Cover V08, I12


New Messages

Subject: Landmining the cracker's playing field
From: Daniel Pfeiffer (

I was sometimes on the verge of cancelling my subscription because of the lack of quality of some articles. The hoax about password-secured shell scripts some months back topped it all -- I hope no beginning sysadmin fell for that all too easily circumventable “security”. Focus on Linux got you back some sympathies, though it's not what all sysadmins need foremost. But now -- congratulations! - The September issue is neat, especially the part about landmining system commands. Since most of us don't have sources, the wrapper variant would have deserved a little more attention. Especially pointing out that hiding would be achieved by putting the originals into a directory with only the x-bits set, maybe even an unguessable subdir thereof. Calling it without letting on the uninitiated is tricky: If you call it by absolute path, that's visible in ps -f. If you tack it onto the front of $PATH, it would be visible in all commands that offer a shell escape. You shouldn't then allow calling a system call tracer (truss/strace), which would show the precise exec() call. Since many systems have readable executables, the name of the hidden directory should not be stored within a static string, but rather be constructed from single characters at run time.

Greetings Daniel,

I'm glad you enjoyed my article. Since your letter to the editor specifically mentioned my piece, the editor was kind enough to forward your message to me so that I could respond to you in person.

Let me first say that systems administrators without source code or a more in-depth knowledge of programming do indeed have it harder when it comes to this sort of booby-trapping, but I think that can be said of pretty much anything related to computer security. My article certainly did not cover a comprehensive security plan, and was far, far from describing all that I would do to harden an exposed critical system. There's a very long checklist to go through when hardening a system: redoing all of the system permissions, proper logging, setting up constant monitoring programs, and removing all nonessential binaries, directories, files, and configuration entries, to name a very few. In my opinion, when a systems administrator finishes hardening an exposed system, it should look very little like what came off the install media. My article was meant to target a very specific instance: how to catch crackers when your properly hardened system has already been compromised. I think that most of your concerns deal more with the hardening process than the landmining one, but I'll address your points individually.

When the intruder already has privileged access on the target machine, hiding things in directories with only the execute bit set doesn't achieve a great deal. In fact, setting up a ‘‘hidden'' directory might attract more attention if the rest of the system is not set up the same way. I do, however, strongly suggest removing read/write bits on as many things as possible on the system (including most executable programs) as part of the initial hardening process before the machine hits the network.

Your concerns about how to call the ‘‘good'' binary are well warranted if you've put them in a secret directory somewhere. In the scenario I was envisioning, I'm not sure the problems you describe would exist, though. When I spoke of hiding the ‘‘good'' binary, I was thinking that things are better hidden in plain sight. For example, if you wrap ps, rename the real ps to some other unused system binary that you've already removed, like telnet. The problems you mention with the path showing up somewhere in a ps listing (again, a good program to landmine anyway, and then you've been warned when the cracker runs it) aren't as much of an issue if you're hiding the‘‘good'' binary where another binary would commonly be.

In any case, if the systems administrator is passing arguments to a program, it's more likely to be spotted, no matter what it's called. If a cracker is sitting on the target machine watching, and the systems administrator runs anything with the flags ef or auxww, then the cracker has most likely spotted the ‘‘good'' ps. But then how was the cracker watching undetected in the first place, unless she brought along her own precompiled binaries? If the cracker is toting along precompiled binaries specifically for the target platform, the systems administrator is already in a lot of trouble, anyway.

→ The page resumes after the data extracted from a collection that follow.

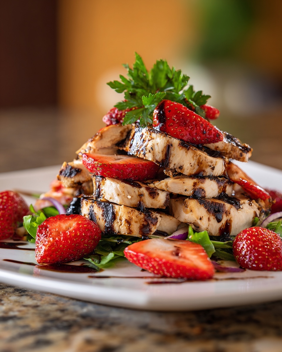 This fresh and vibrant Strawberry Chicken Salad combines tender cooked chicken breast with juicy strawberries, mixed greens, crunchy nuts, and tangy cheese, all dressed in a simple homemade balsamic vinaigrette. Perfect for a light, healthy lunch or an easy summer dinner, this salad balances sweet and savory flavors with delightful textures and is quick to prepare without any cooking required.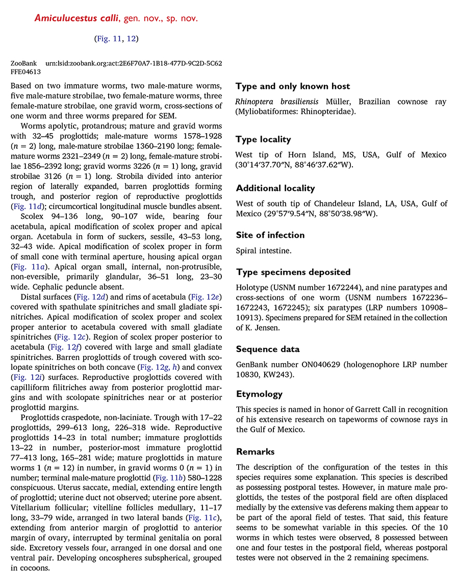 | Type Material | Holotype (USNM number 1672244), and nine paratypes and cross-sections of one worm (USNM numbers 1672236– 1672243, 1672245); six paratypes (LRP numbers 10908– 10913) |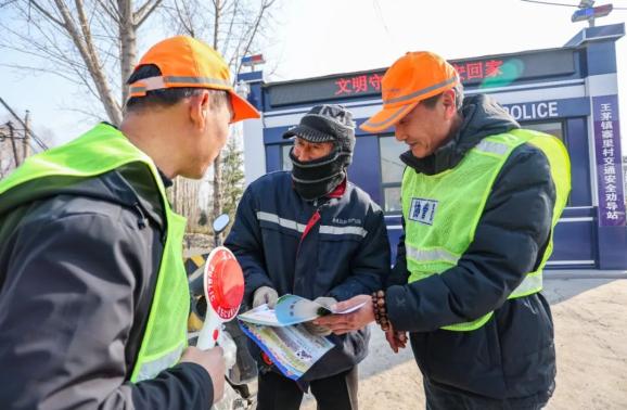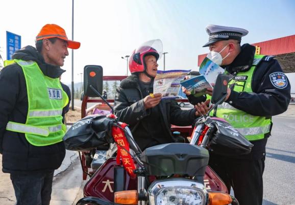 在王茅镇寨里村劝导站,民警手持宣传资料,向村民讲解不佩戴安全头盔、三轮车违法载人、面包车超员、涉牌涉证等严重交通违法行为的危害。提醒广大群众要时刻牢记“安全”二字,切实做到警钟长鸣,防患未然,远离交通事故。

As far as tracing kernel streams and otherwise disecting system calls and strings within binaries (trace, strace, truss, strings, and others), this again falls into the category of removal during the hardening phase or possibly landmining. Why leave tools lying around for the crackers to use against the systems administrator? If the need should arise for the systems administrator to use one of these tools, s/he could simply transport it over from another machine or some form of read only removable media (preferred).

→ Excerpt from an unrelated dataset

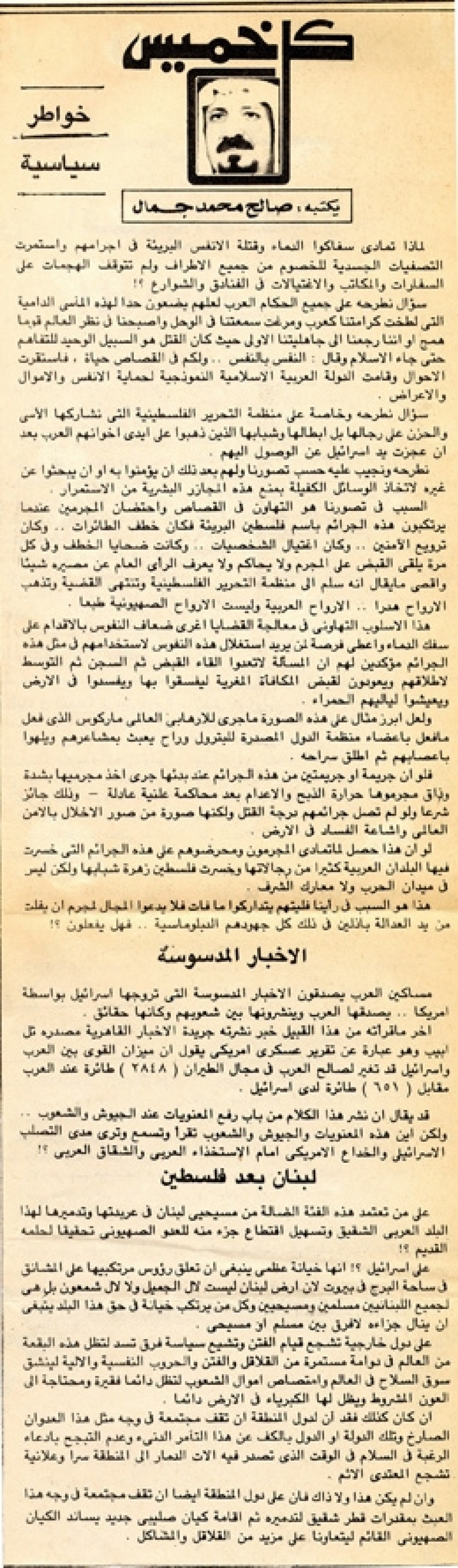 سؤال نطرحه وخاصة على منظمة التحرير الفلسطينية التي نشاركها الأسى والحزن على رجالها بل أبطالها وشبابها الذين ذهبوا على أيدي إخوانهم العرب بعد أن عجزت يد إسرائيل عن الوصول إليهم.

Thanks for reading and bringing up your points so that I could clarify some things outside of the scope of the article. I hope I've adequately addressed your issues and answered your questions.

Amy Rich

Subject: Maintaining Patch Levels with Open Source BSDs
From: Pedro A M Vazquez <>


Very good article about CVS and CVSup. I'd just like to add that in our organization we keep two servers, one for 2.2.8-stable and the other for 3.2-stable. Each night they sync via cvsup with one of the cvsup servers, do a make buildworld, scan /sys/compile, and build a dozen kernels.

Each time we want to update some of our machines, we just NFS mount /usr/src and /usr/obj from the appropriate server and do a make installworld, cd /sys/compile/THISMACHINEKERNEL make install and reboot. This way we can make our updates fast even on old and slow 486 we use for DNS, dialup, etc. As an example, on Friday I upgraded our comp chem lab (12 workstations) in ~1 hour from 3.2-RELEASE to 3.3-RC. The users in the room stopped their work just for the reboot of the new kernel.